# PROBLEM TO WORK ON:
Repeat the span of the entries below that starts at the line with "Our laboratory is" and ends at the line with "フロントは繊細なピンタックと", nothing more. Skip the pictures.

# RECORD SET:

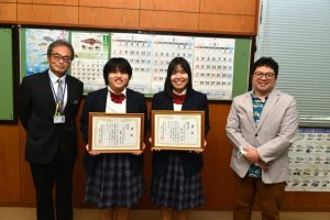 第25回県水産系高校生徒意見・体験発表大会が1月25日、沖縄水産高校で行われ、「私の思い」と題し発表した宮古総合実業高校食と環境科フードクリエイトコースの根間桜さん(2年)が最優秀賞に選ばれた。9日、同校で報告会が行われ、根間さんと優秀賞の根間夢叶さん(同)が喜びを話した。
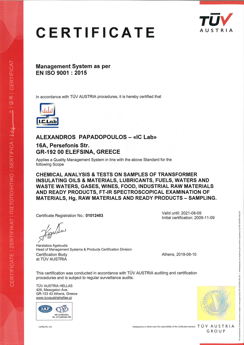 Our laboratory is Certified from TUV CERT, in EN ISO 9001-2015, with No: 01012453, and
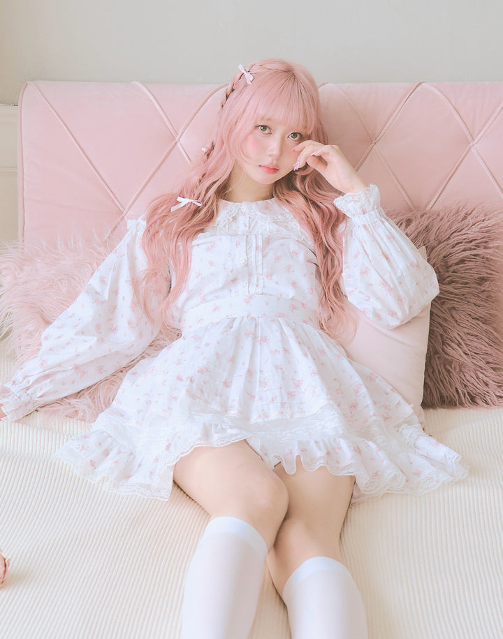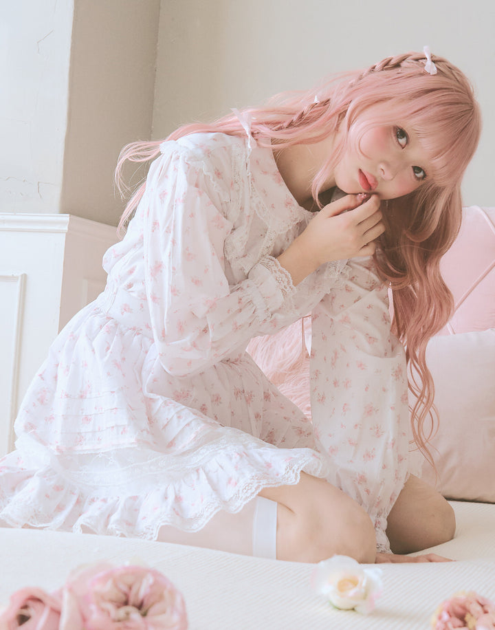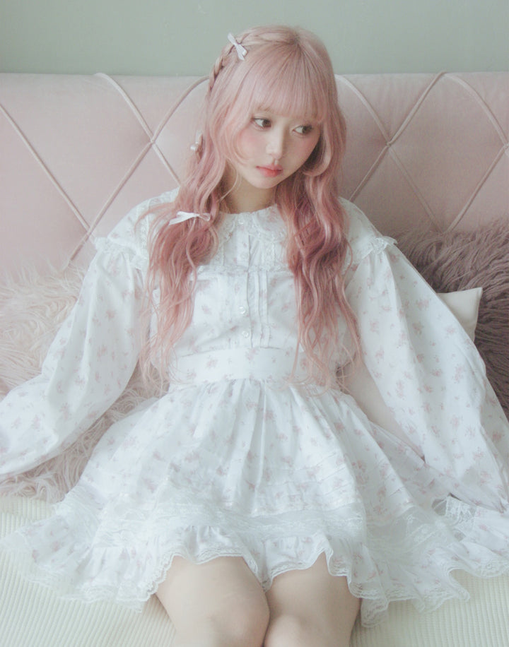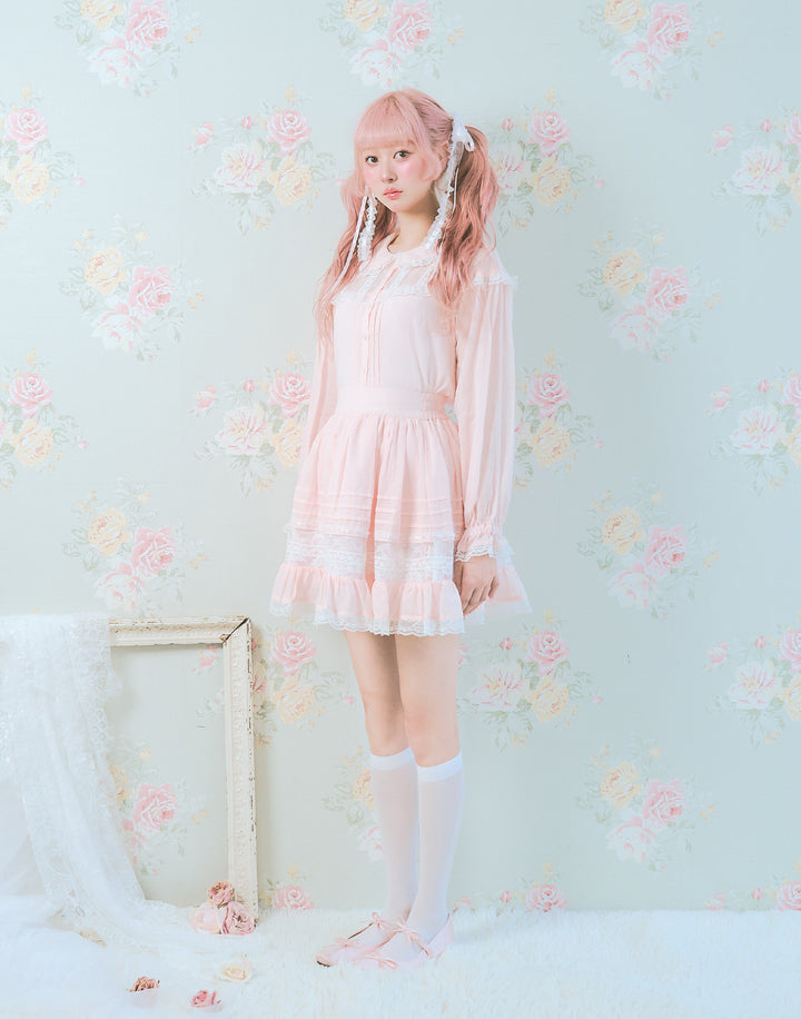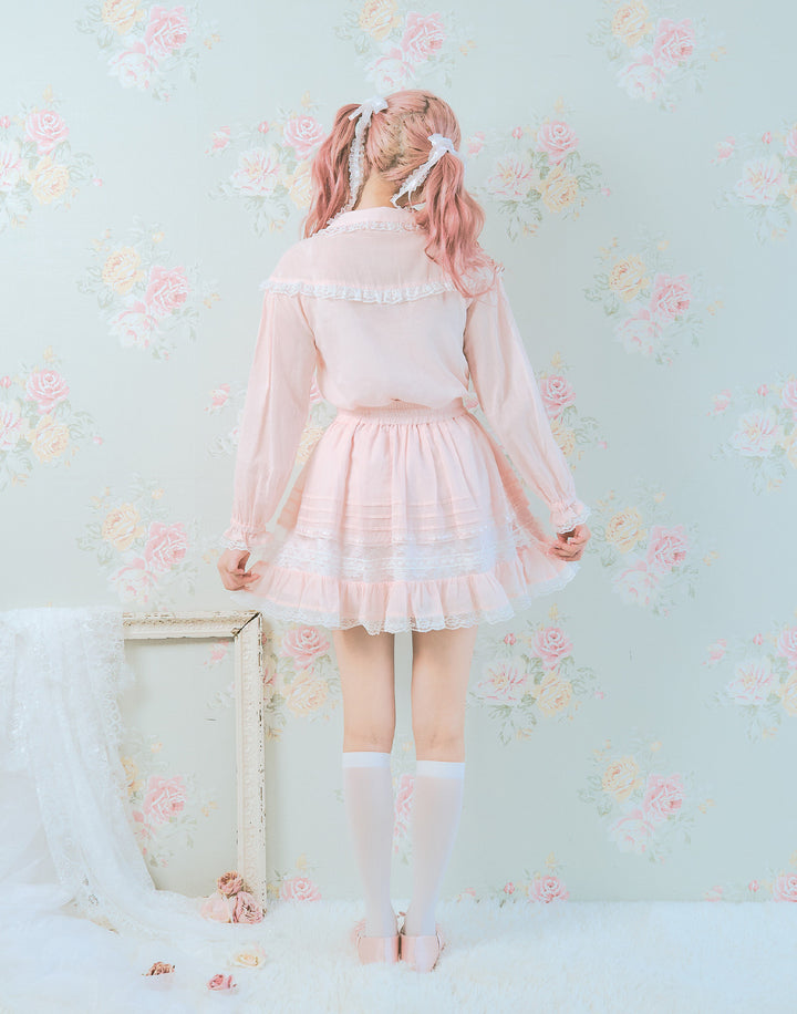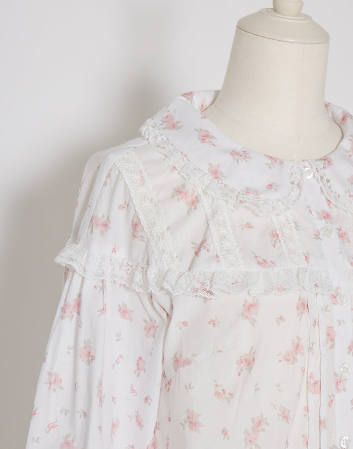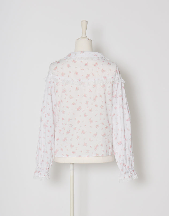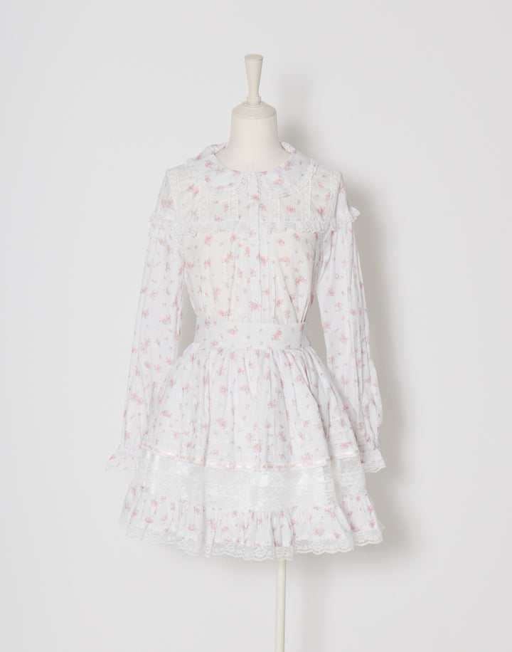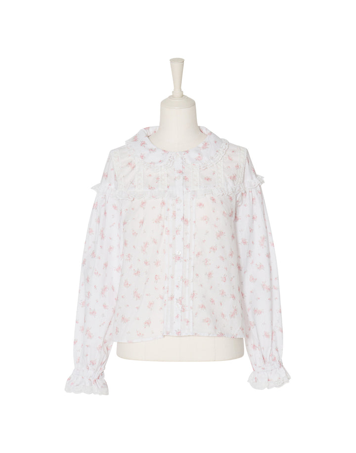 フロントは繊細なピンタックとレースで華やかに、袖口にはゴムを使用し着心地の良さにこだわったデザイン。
--
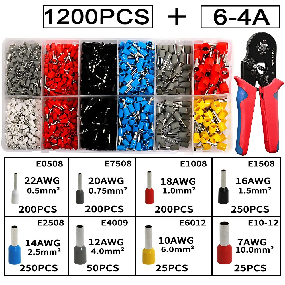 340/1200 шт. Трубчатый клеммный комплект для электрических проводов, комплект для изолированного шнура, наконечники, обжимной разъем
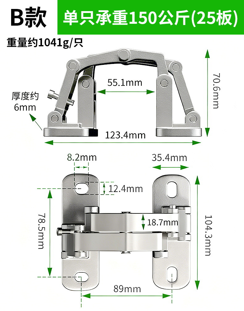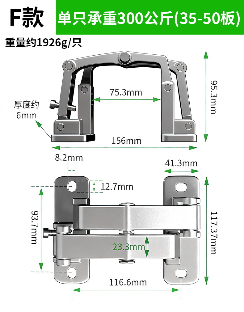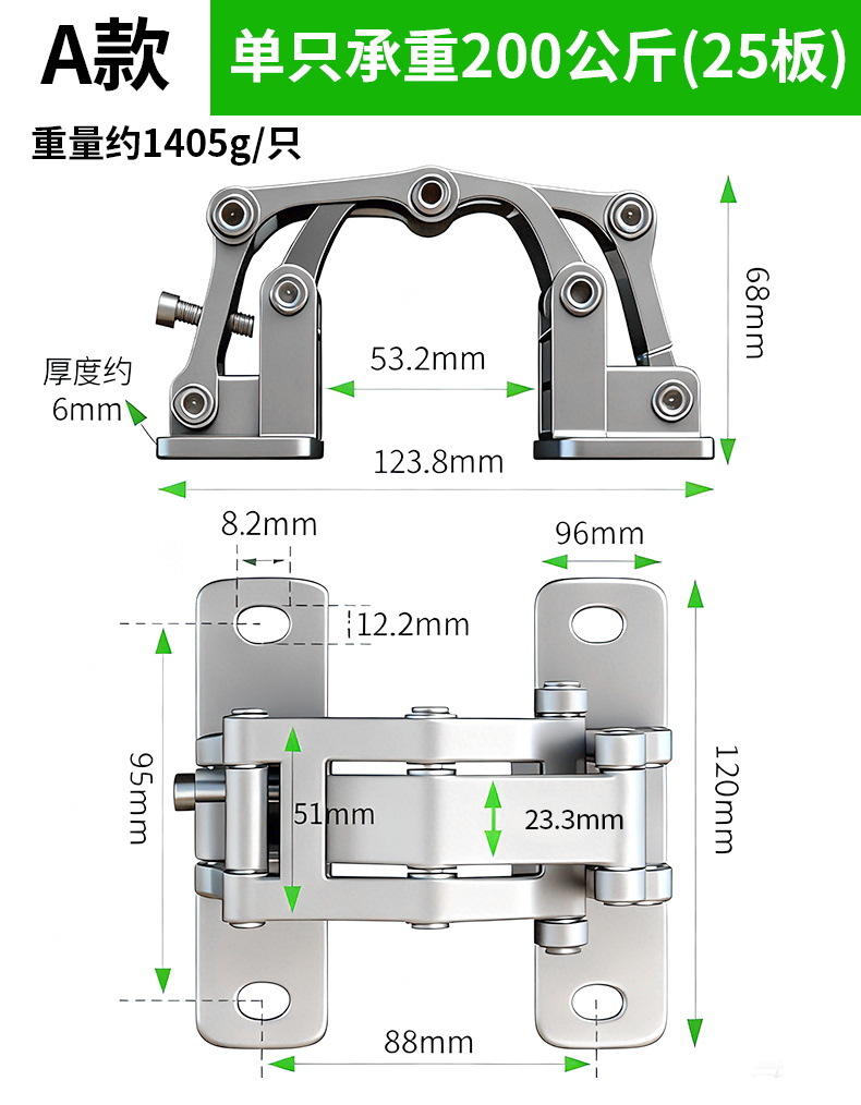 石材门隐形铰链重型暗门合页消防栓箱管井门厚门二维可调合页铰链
==
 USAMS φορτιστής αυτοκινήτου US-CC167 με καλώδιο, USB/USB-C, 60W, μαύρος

# SOLUTION:
 Our laboratory is Certified from TUV CERT, in EN ISO 9001-2015, with No: 01012453, and
 フロントは繊細なピンタックとレースで華やかに、袖口にはゴムを使用し着心地の良さにこだわったデザイン。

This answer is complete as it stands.